Hi Picasa !
Indeed, you will need to perform a polishing step after assembly, this will lower your error rate from ~1% (after assembly with canu) to ~0.001-0.0000001% (depending of the coverage used for polishing, you can find information in this link : https://github.com/PacificBiosciences/GenomicConsensus/blob/master/doc/FAQ.rst section "What is the expected quiver accuracy? ")
So, you indeed need a alignement file, but with PacBio, everything is a bit more complicated. Considering their bas/bax.h5 format, you will need a particular aligner (blasr you said it right) that will produce an alignement. However, this alignment will be not in bam format, but in a specific format called .cmp.h5 (cmp strand for comparison I guess).
Blasr align file by file. In order to align all your .bas/bax.h5, you are going to use an other tool called pbalign. This tool can take as an input a .fofn file (file of file ... forget about the n) which is a list of all the path that lead to your raw data, and will literally call blasr for all your raw data file and then compile their result.
Here a small example of how a .fofn file should look (sorry for horrible paths) :
/media/DATAPART1/pacbio_reads/run6/H01_1/Analysis_Results/m151220_023946_42237_c100942502550000001823214006101687_s1_p0.1.bax.h5
/media/DATAPART1/pacbio_reads/run6/H01_1/Analysis_Results/m151220_023946_42237_c100942502550000001823214006101687_s1_p0.2.bax.h5
As it was really hard for me to gather this informations, here how I used pbalign :
pbalign --forQuiver raw_reads.fofn assembly_to_polish.fasta your_output.cmp.h5
Then, you can use quiver using something like this :
quiver your_output.cmp.h5 -r assembly_to_polish.fasta -o polished_assembly.fasta
For installing pacbio tools, I redirect you to this github thread : https://github.com/PacificBiosciences/pbalign/issues/67
Don't try to install all PacBio tools by yourself, don't even try pitchfork, you will lose a lot of time just as I do.

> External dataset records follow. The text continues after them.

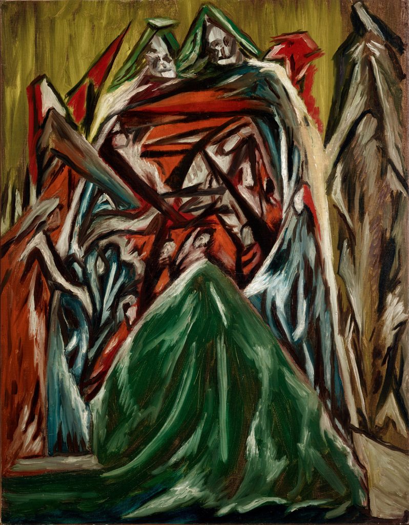 While the narrative of US art history has focused on the singular achievements of Abstract Expressionism, it did not emerge on the world scene ex nihilo. Rather, US artists drew from multiple precedents, including the Mexican mural movement, which has special resonance for us at the DMA given our longstanding strengths in art from the region. In Slip Zone, Jackson Pollock’s Figure Kneeling Before Arch with Skulls is paired with Crepúsculo by David Alfaro Siqueiros. Siqueiros taught Pollock to use industrial paints at the Experimental Workshop in New York in 1936, which would later inform his use of nontraditional art media in his classic era drip paintings. The expressionistic pathos of this earlier Pollock painting also mirrors the influence of José Clemente Orozco, whose murals he had seen at Dartmouth College the same year.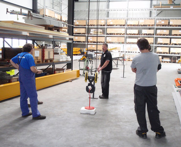 In Ihrem Werk oder unserem Schulungszentrum bilden wir Ihre Mitarbeiter an den entsprechenden Krananlagen aus. Theorie, Kranfahrschulung und der Umgang mit Anschlagmitteln sind die Hauptthemen in diesem Kurs. Die Schulung führt unser spezialisiertes Partnerunternehmen durch: das Schweizerische Kompetenzzentrum heben-fördern-sichern GmbH.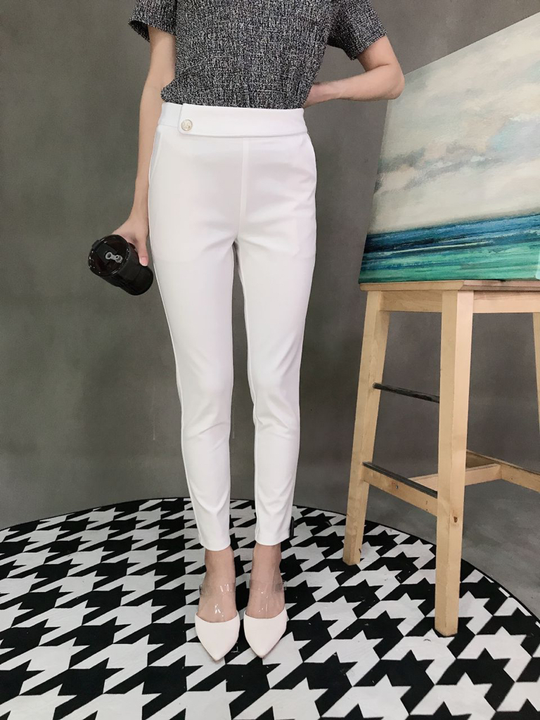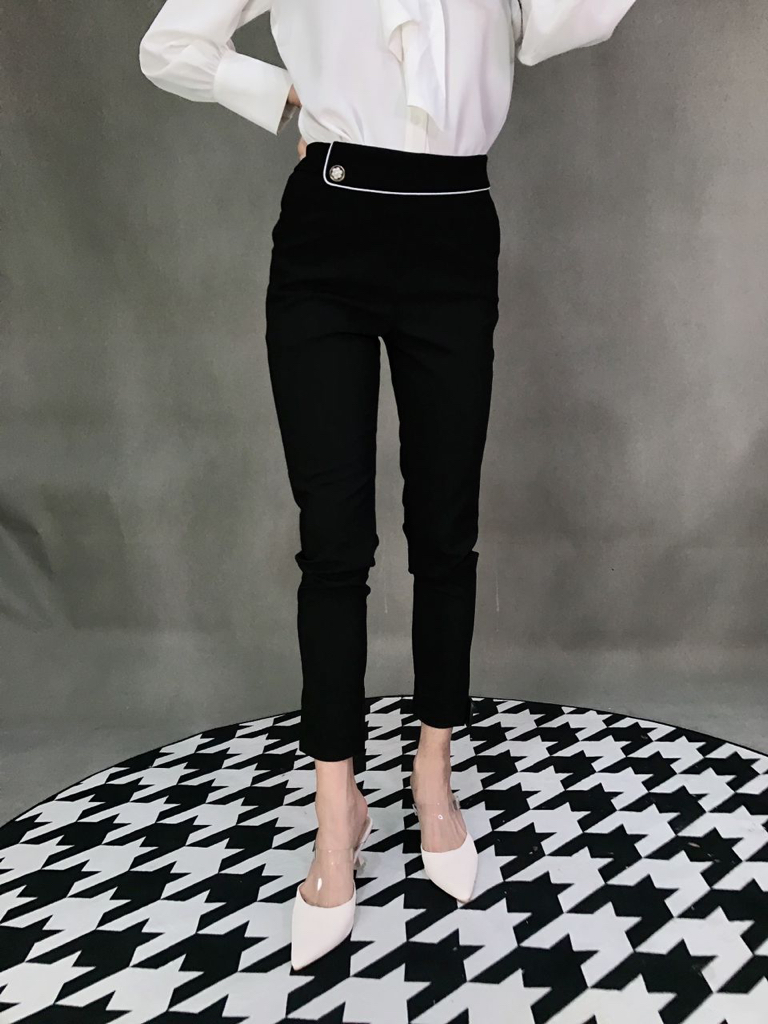 Elevate your work-to-weekend wardrobe with these high-waist slim-fit pants, featuring a sleek front seam and a signature pearl button on the side waistband. Designed in a structured stretch fabric, they shape your silhouette while ensuring day-long comfort. A subtle contrast piping on the black version adds a polished finish. Available in timeless White and Classic Black – perfect for the modern woman who values elegance with a hint of edge.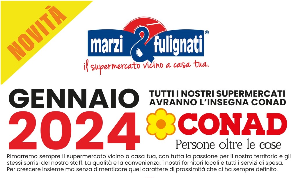 Sarà un nuovo anno ricco di novità, da Gennaio 2024 infatti tutti i nostri punti vendita Marzi&Fulignati avranno l’insegna Conad. Una nuova opportunità di crescita per ampliare i servizi alla comunità, con il passaggio ad un’insegna leader della distribuzione nazionale.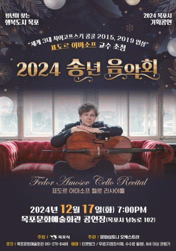 시는 세계적인 첼리스트 표도로 아마소프 교수와 피아니스트 김소영 교수를 초청해 오는 17일 오후 7시 목포문화예술회관에서 ‘행복도시 목포 2024 송년 음악회’를 선보인다.

Also, a related Biostar post here : A: Choosing de novo genome assembly
Good luck with your polishing ! This way worked fine for me after weeks or research on this subject.
If he needs bam file I think he can use
bwa mem -x pacbio ref.fa reads.fq | samtools view -F 4 -Sbh - | samtools sort - my_result_sorted.bam
instead of blasr
Yes but the problem after that is that quiver will not necesserly work well with bam files. Indeed, the particular format for PacBio files take account of various chemistery parameters and quality values. As I said in my previous post, I think that soon or later, PacBio is going to fully abandon theses format and fully use bam/sam. For now, I will not recommand to use anything else but PacBio format because I had a lot of struggle trying to use classic bam/sam format. You can see my struggle on github here : https://github.com/PacificBiosciences/pbalign/issues/48 . I also in the past tried to use quiver using a bam/sam file. It gaves me errors (I don't have wrote them to transcribe it there) because quiver wasn't taking care of sam/bam file (even if it is written on their wikipage...)
Hi Roxane and many thanks for your help !
However I don't have .bas/bax.h5 files but only fastq (my raw reads are fastq files) so can I still use pbalign with your command ? I mean, does it recognize fastq ?
It may be better overall if you can get the *.h5 files from your source.
Hi Picasa,
I agree with Genomax, I had a lot of trouble and could never achieve the final polishing step by using fastq files and pâcbio tools. You have to find your raw reads, they are essentials. Also, try to acknowledge what your sequencing coverage was, it is a very essential information !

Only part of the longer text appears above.